Python module for evaluting ASR hypotheses (i.e. word error rate and word recognition rate).
This module depends on my editdistance project, for computing edit distances between arbitrary sequences.
The formatting of the output of this program is very loosely based around the same idea as the align.c program commonly used within the Sphinx ASR community.
This may run a bit faster if neither instances nor confusions are printed.
Please let me know if you have any comments, questions, or problems!

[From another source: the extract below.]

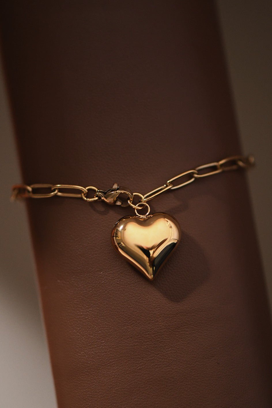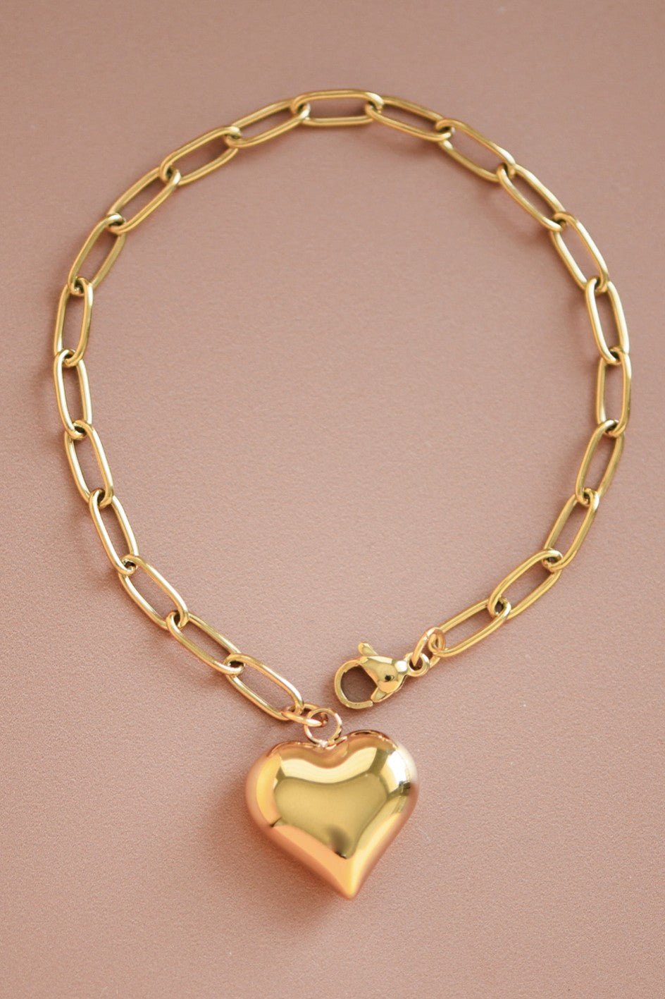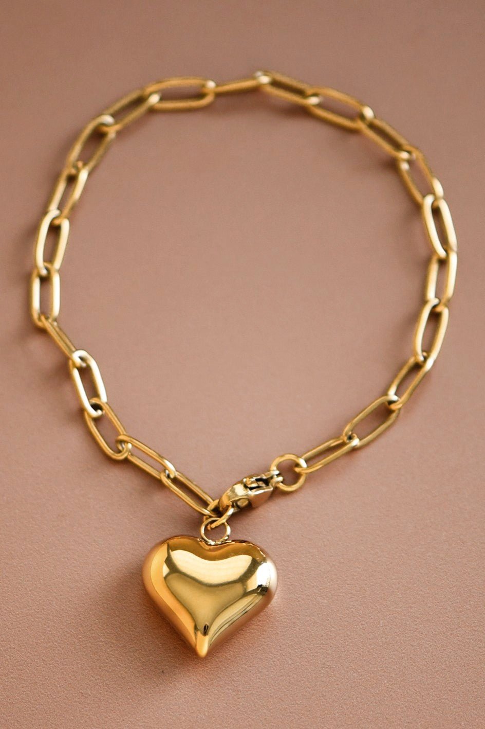 Paperclip Chain Bracelet | Chain Link Bracelet | Heart Charm Bracelet | Real Gold Dipped Bracelet | Gold Plated Bracelet | Waterproof & Sweatproof Bracelet | Layering Bracelet | Simple Gold Bracelet

For command line usage, see:
python editdistance.py --help
It should be something like this:
usage: asr_evaluation.py [-h] [-i] [-id] [-c] [-p] [-m count] ref hyp
Evaluate an ASR transcript against a reference transcript.
positional arguments:
ref the reference transcript filename
hyp the ASR hypothesis filename
optional arguments:
-h, --help show this help message and exit
-i, --print-instances
print the individual sentences and their errors
-id, --has-ids hypothesis and reference files have ids in the last
token?
-c, --confusions print tables of which words were confused
-p, --print-wer-vs-length
print table of average WER grouped by reference
sentence length
-m count, --min-word-count count
minimum word count to show a word in confusions
This requires Python 2.7+ since it uses argparse for the command line interface. The rest of the code should be OK with earlier versions of Python.